Reference no: EM132596996
Question 1: If a firm has a degree of operating leverage (DOL) of 1.8, it means:
A. If sales increase by 1.8%, the EBIT will increase by 1%.
B. If sales increase by 1%, EBIT will increase by 1.8%.
C. If EBIT increase by 1.8%, the EPS will increase by 1 %.
D. If sales rise by 1%, EBIT will fall by 1.8 %.
Question 2: Which of the following capital budgeting evaluation method considers all cash inflows?
A. Accounts Rate of Return
B. Net Present Value
C. Payback period
D. Discounted payback period.
Question 3: Which of the following is disadvantage of the payback period method?
A. It does consider all cash inflows
B. It is easy to compute and interpret.
C. It does not consider the time value of money.
D. It deals with accounting profits.
Question 4: Which of the following statement is correct?

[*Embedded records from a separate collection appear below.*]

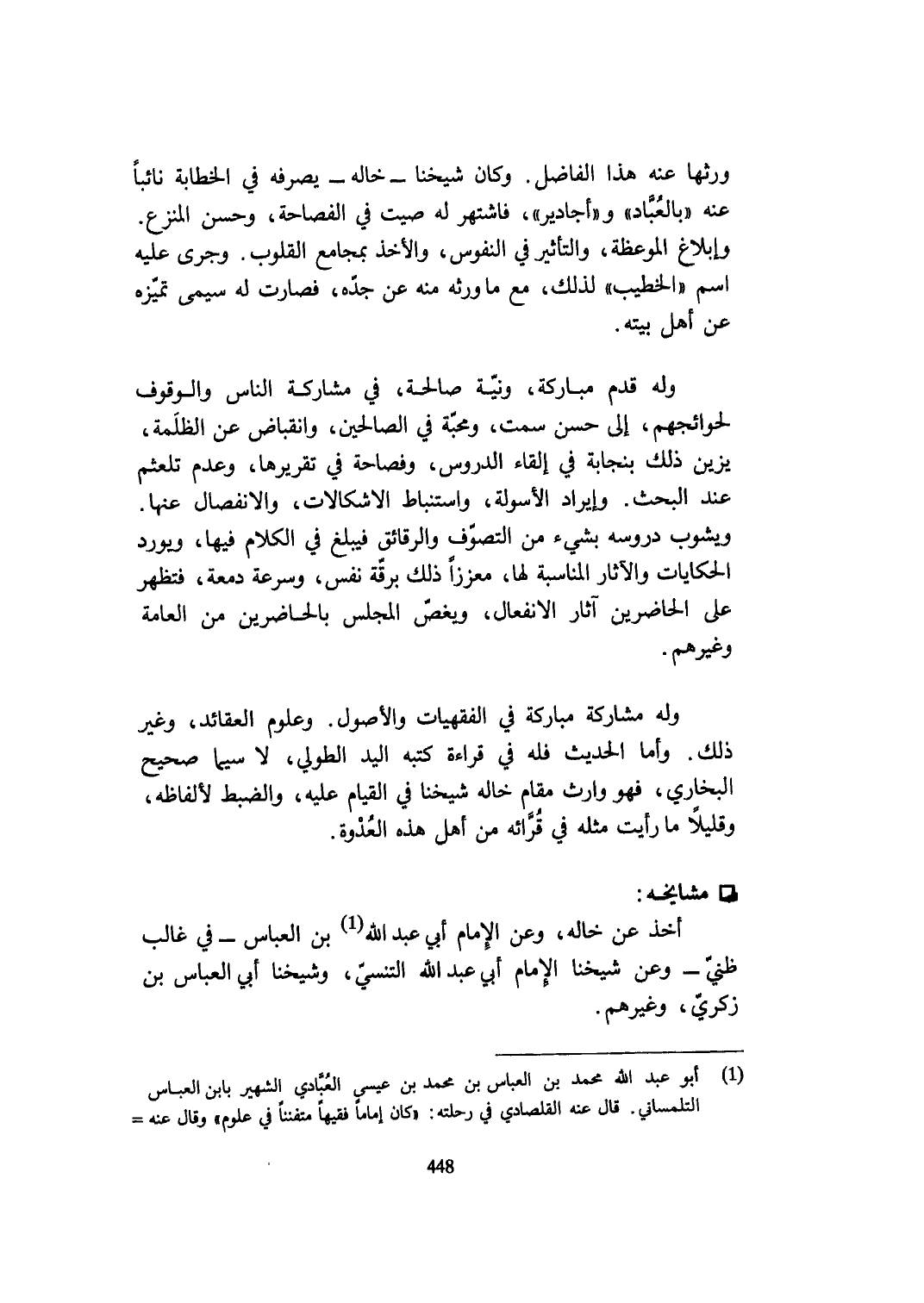 وَله قدم مباركة وَنِيَّة صَالِحَة فِي مُشَاركَة النَّاس وَالْوُقُوف لحوائجهم إِلَى حسن سمت ومحبة فِي الصَّالِحين وانقباض عَن الظلمَة يزين ذَلِك بنجابة فِي إِلْقَاء الدُّرُوس وفصاحة فِي تقريرها وَعدم تلعثم عِنْد الْبَحْث وإيراد الأسولة واستنباط الاشكالات والانفصال عَنْهَا ويشوب دروسه بِشَيْء من التصوف وَالرَّقَائِق فَيبلغ فِي الْكَلَام فِيهَا ويورد الحكايات والْآثَار الْمُنَاسبَة لَهَا معززا ذَلِك برقة نفس وَسُرْعَة دمعة فتظهر على الْحَاضِرين آثَار الانفعال ويغص الْمجْلس بالحاضرين من الْعَامَّة وَغَيرهم
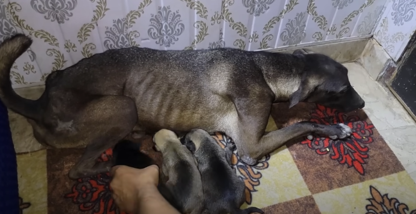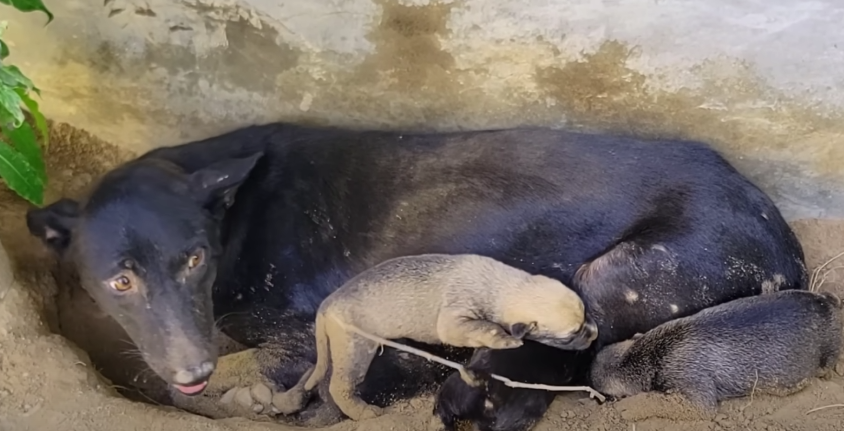 Yet, when she gave birth to her puppies, something inside her shifted. The hunger, the fear, the pain—none of it mattered as much as her little ones. Four tiny beings, vulnerable and helpless, depended entirely on her. Each whimper, each shiver, tugged at her heart in ways nothing else could. She was their protector, their source of warmth, their only hope in a harsh world.
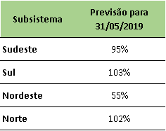 Previsão de Energia Natural Afluente – ENA para maio/2019
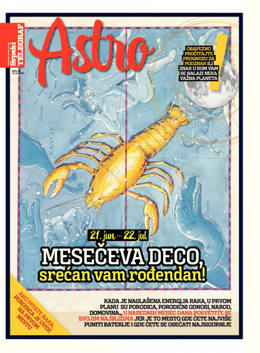 Našim dragim čitaocima uz štampano izdanje Srpskog telegrafa poklanjamo magazin Astro u kome možete da pronađete brojne korisne informacije iz oblasti astrologije i saznate šta vas čeka u narednom periodu.
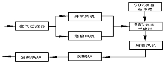 硫磺制酸與礦制酸和冶煉煙氣制酸不同,進(jìn)入主鼓風(fēng)機(jī)的介質(zhì)是空氣而不是含二氧化硫氣體,因此有條件將主鼓風(fēng)機(jī)放在干燥塔之前(即風(fēng)機(jī)處于干燥塔上游),從而對(duì)硫磺制酸來(lái)說(shuō),有風(fēng)機(jī)在塔前、塔后之分。

A. If two projects are mutually exclusive & have positive NPV, both can be accepted.
B. If two projects are independent & have positive NPV, both can be accepted.
C. A firm should accept a project if the estimated NPV exceeds the project's cost.
D. A firm should accept a project if the estimated NPV is negative.
Question 5: Profitability index (PI) of 1 implies that an investment's:
A. Total Present value of cash inflows & the initial investment are equal.
B. NPV of the project equals to zero.
C. IRR equals the firm's required rate of return.